Fighting The Sarbox Monster
There is an excellent editorial in today's Wall Street Journal by Robert Grady of Carlyle. The Sarbox Monster provides a well organized list of reasons why the IPO market remains largely unreachable the the downstream cost to the U.S. in terms of job creation and innovation. The article is light on recommendations, but puts the problem is a constructive context. I view the article as a sign of a more receptive climate to Sarbox reform and other regulatory changes to correct prior political short-sightedness. Bob reminds us that essentially all of the value creation from venture has occurred through the growth of companies after an IPO. Fortunately, public market buyers can remember that these winners outweighed the losers, even after the bubble, as evidenced by recent buying of smaller technology IPOs. It appears that both politicians and buyers may be finally positioned to facilitate positive changes.

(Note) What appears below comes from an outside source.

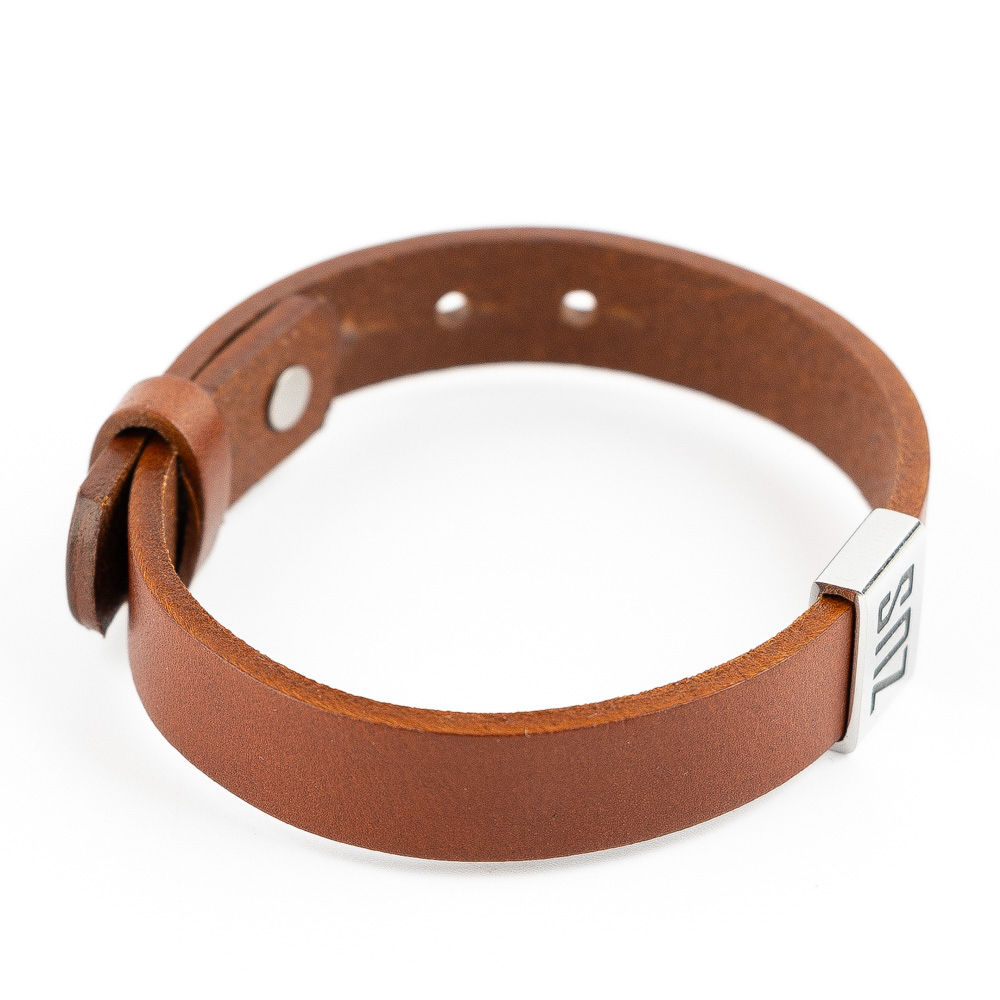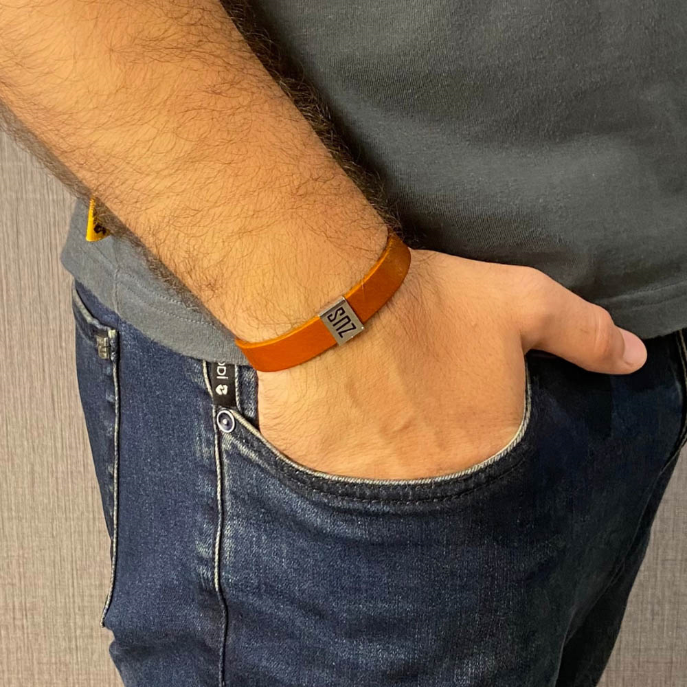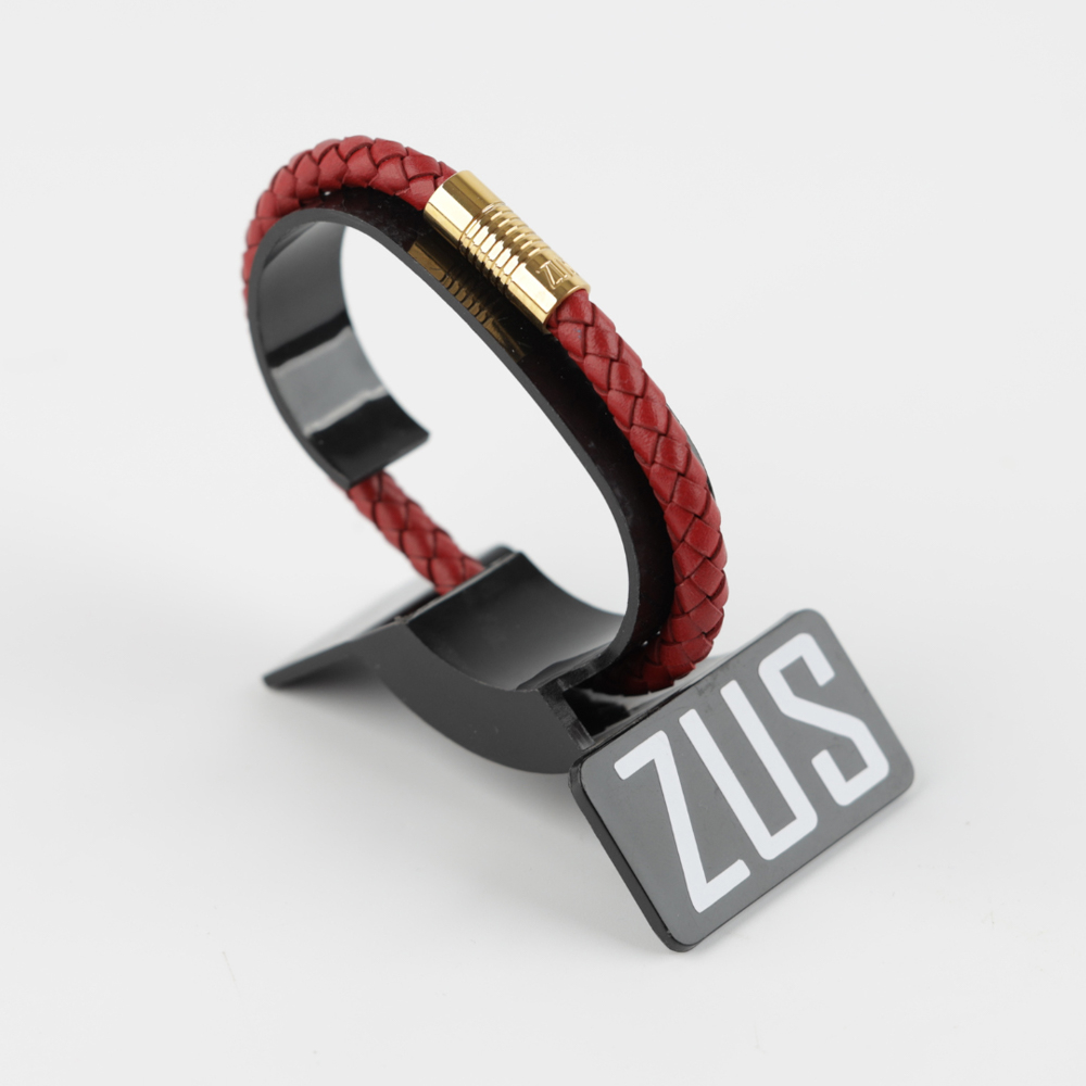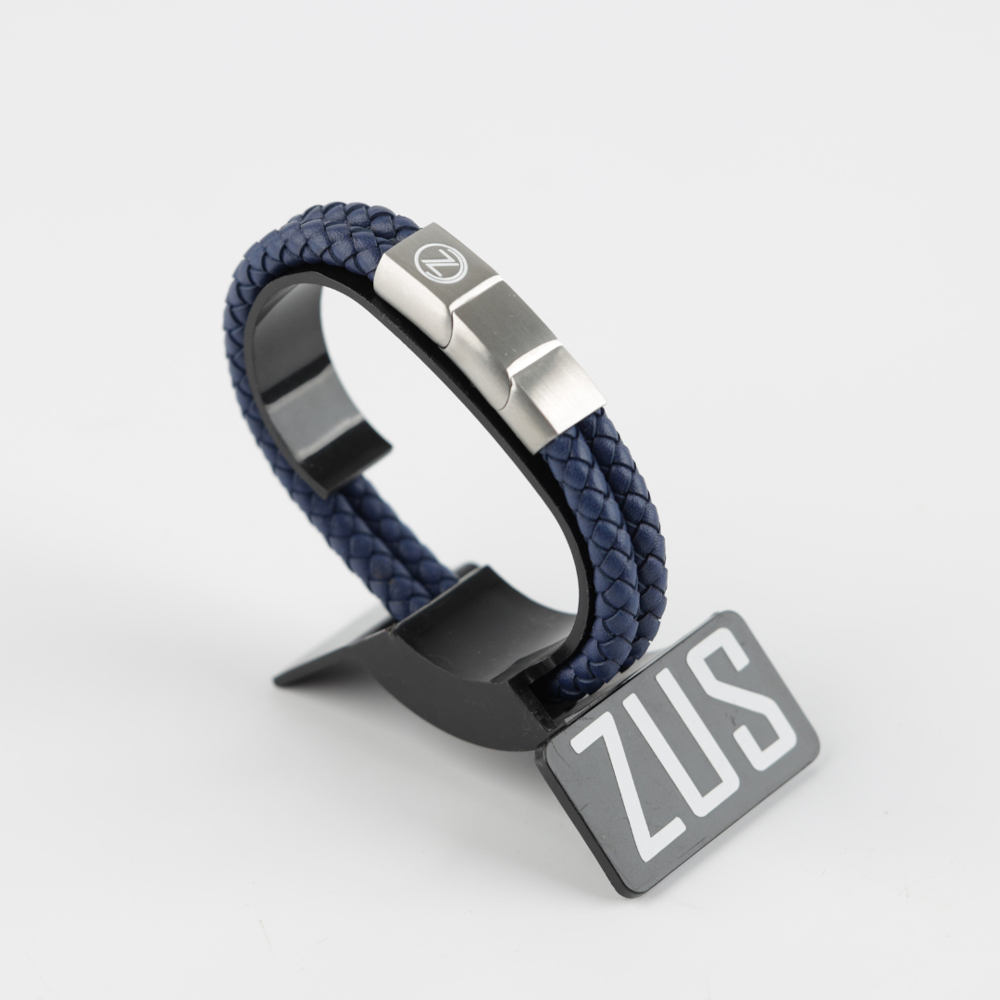 ZUS flat genuine leather bracelet features stainless steel engraved with the signature ZUS logo. Size 19.5 cm to 22 cm.

Sarbox reform will be necessary as a first step to get companies public, but it will not solve the underlying problem of providing research for small cap stocks. The best solution I've seen is the National Research Exchange (NRE) www.ResearchExchange.com. Founded by Wall Street veteran David Weild IV, the NRE is working on ways to pay for ongoing research coverage. The basic idea is to carve out a portion of the 7% underwriting fee and put it into an escrow account to pay for research over the first two or three years. The pool could be used to attract research from firms outside of the main underwriting group. If an analyst left an investment bank and coverage was dropped, the remaining money in escrow could be used to find another firm to cover the stock. There would be no promise on recommendation, to avoid the obvious potential conflict. While NRE is still in process of structuring and rolling out the service, I like the idea of effectively guaranteeing coverage by spreading out the economics.